Send bounded chunks to the local model.

The model must return strict JSON:

```json
{
  "findings": [
    {
      "title": "",
      "severity": "low|medium|high|critical",
      "file": "",
      "line_hint": "",
      "evidence": "",
      "reason": "",
      "suggested_fix": "",
      "confidence": 0.0
    }
  ]
}
```

If model output is invalid JSON, retry once with a repair prompt.

If the output is still invalid, save raw output and mark the model phase degraded.

### Phase 3: Validation

Every LLM finding must be validated against actual files.

Reject findings that:

- point to missing files
- cite text that does not exist
- make unsupported claims
- recommend unrelated rewrites
- lack evidence

Output:

```text
validated_findings.json
```

### Phase 4: Report Generation

Generate Markdown reports:

- executive summary
- risk register
- sprint backlog
- acceptance gates
- test gaps
- architecture drift
- suggested next commands

### Phase 5: Memory

Create local memory files:

```text
.memory/review-rules.md
.memory/known-risks.json
.memory/fixed-patterns.json
.memory/project-profile.json
```

Memory should be append-only by default.

Never silently overwrite prior memory. Version it.

## Validation Rules

Hard rules:

1. No hallucinated files.
2. No invented tests.
3. No fake command success.
4. No "appears to work" language without evidence.
5. Every finding must include:
   - file path
   - evidence snippet
   - risk
   - suggested next action
6. Reports must distinguish:
   - confirmed issue
   - suspected issue
   - missing evidence
   - blocked by unavailable dependency

## First Implementation Target

Do not build everything at once.

Implement MVP:

```text
Phase 0 repo intake
Phase 1 static scan
Phase 4 report generation
Basic Ollama model doctor
```

Then add LLM review after the static evidence pipeline is stable.
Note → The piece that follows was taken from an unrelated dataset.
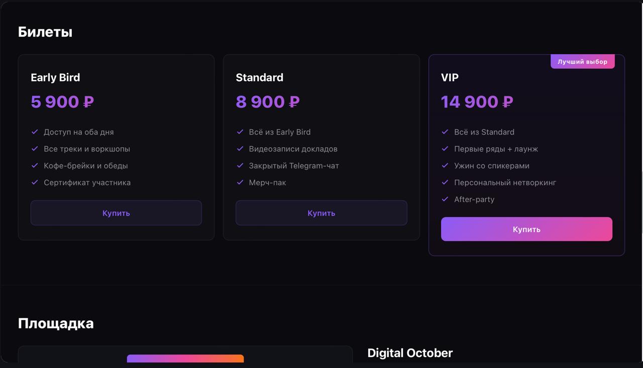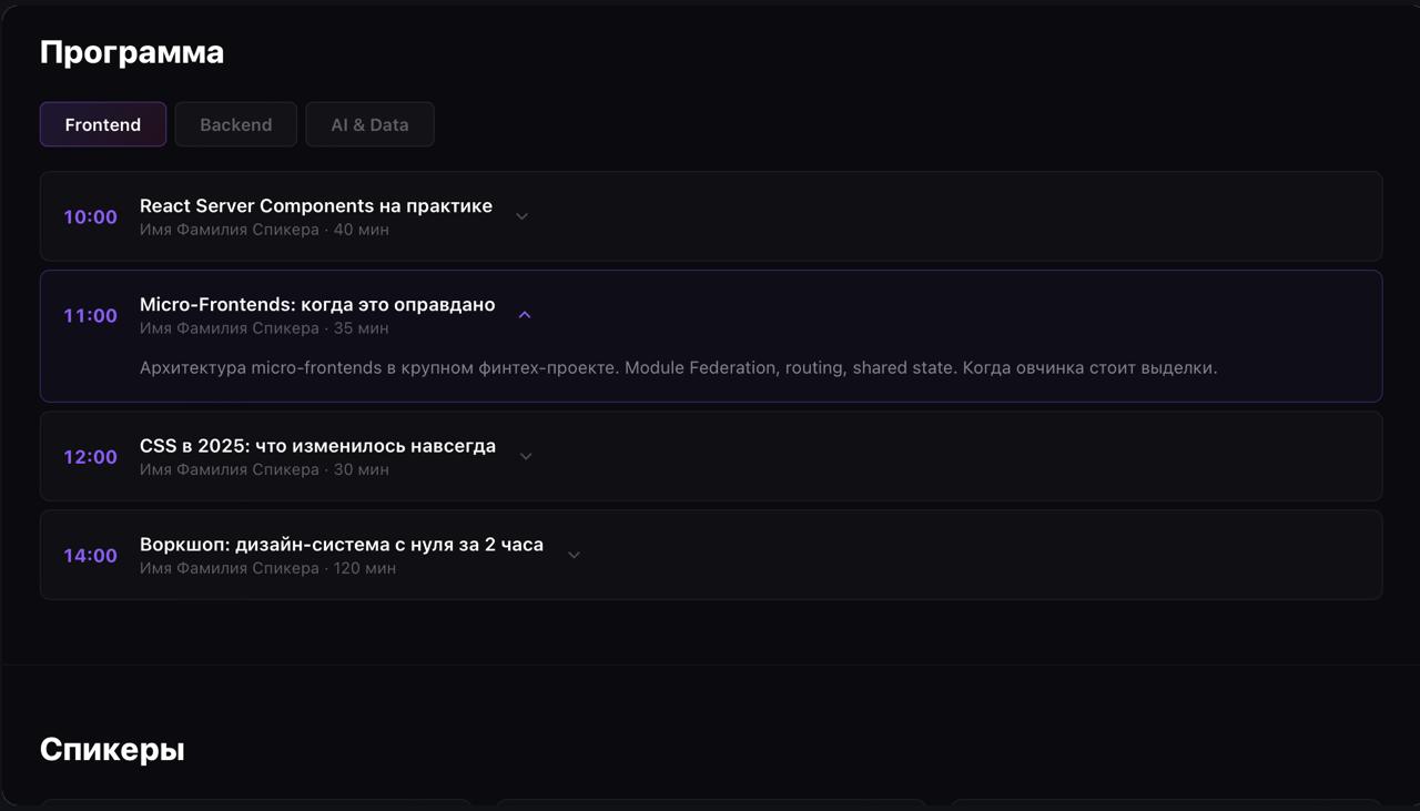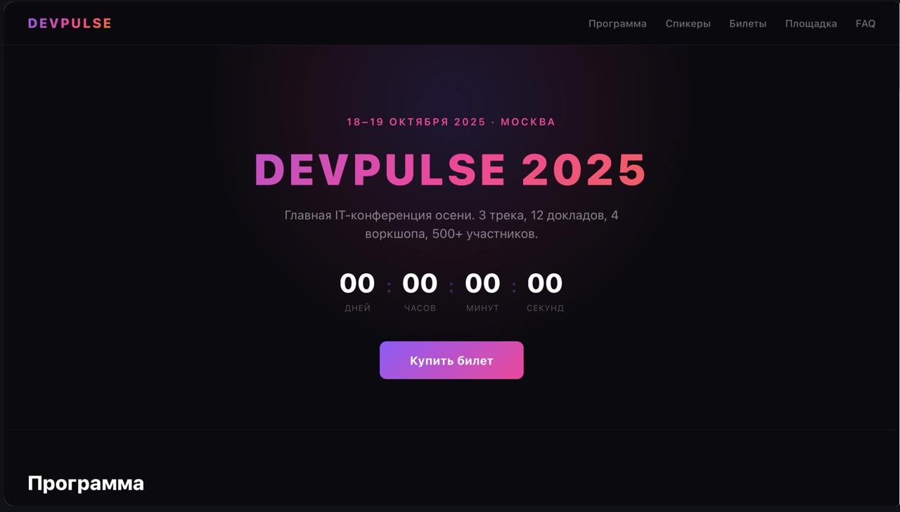 Задача: разработать промо-лендинг конференции с countdown, программой по трекам, блоком спикеров и покупкой билетов.

## MVP Acceptance Criteria

The MVP passes when:

```bash
review-harness repo .
review-harness scrum .
review-harness model doctor
```

produce usable output without crashing.

Required files:

```text
reports/latest/repo-intake.json
reports/latest/static-findings.json
reports/latest/scrum-test.md
reports/latest/risk-register.md
reports/latest/sprint-backlog.md
reports/latest/receipts.json
```

## Suggested Static Checks For MVP

Implement these first:

- hardcoded `/home/`
- hardcoded `/root/`
- hardcoded local IP addresses
- `exec(`
- `spawn(`
- `Command::new`
- raw SQL patterns:
  - `format!("SELECT`
  - string interpolation near SQL keywords
  - template literals containing `SELECT`
  - template literals containing `INSERT`
  - template literals containing `UPDATE`
  - template literals containing `DELETE`
- `Access-Control-Allow-Origin: *`
- committed `.env` files
- private key patterns
- files over 800 lines
- TODO, FIXME, and HACK count
- missing test directory
- package or build files without corresponding test command

## Output Style

Reports should be blunt and operational.

No motivational filler.

Use sections:

```text
Verdict
Evidence
Confirmed Risks
Suspected Risks
Blocked Checks
Sprint Backlog
Acceptance Gates
Next Commands
```

## Final Deliverable

After implementation, produce:

```text
docs/REVIEW_PIPELINE.md
docs/LOCAL_MODEL_SETUP.md
docs/REPORT_SCHEMA.md
reports/latest/*
```

Then run the harness against this repository itself and include the self-review report.

## Do Not

- Do not require GitHub.
- Do not require cloud LLMs.
- Do not pretend local model output is authoritative.
- Do not rewrite the target repository.
- Do not make destructive changes.
- Do not auto-commit.
- Do not hide degraded model failures.

## Strategic Goal

This should become the local review node for a larger autonomous development system.

Eventually it should plug into:

- OpenClaw
- MCP tools
- local lakehouse memory
- playbook sealing
- CI verification
- observer review loop

But first: make the local review harness reliable, inspectable, and evidence-driven.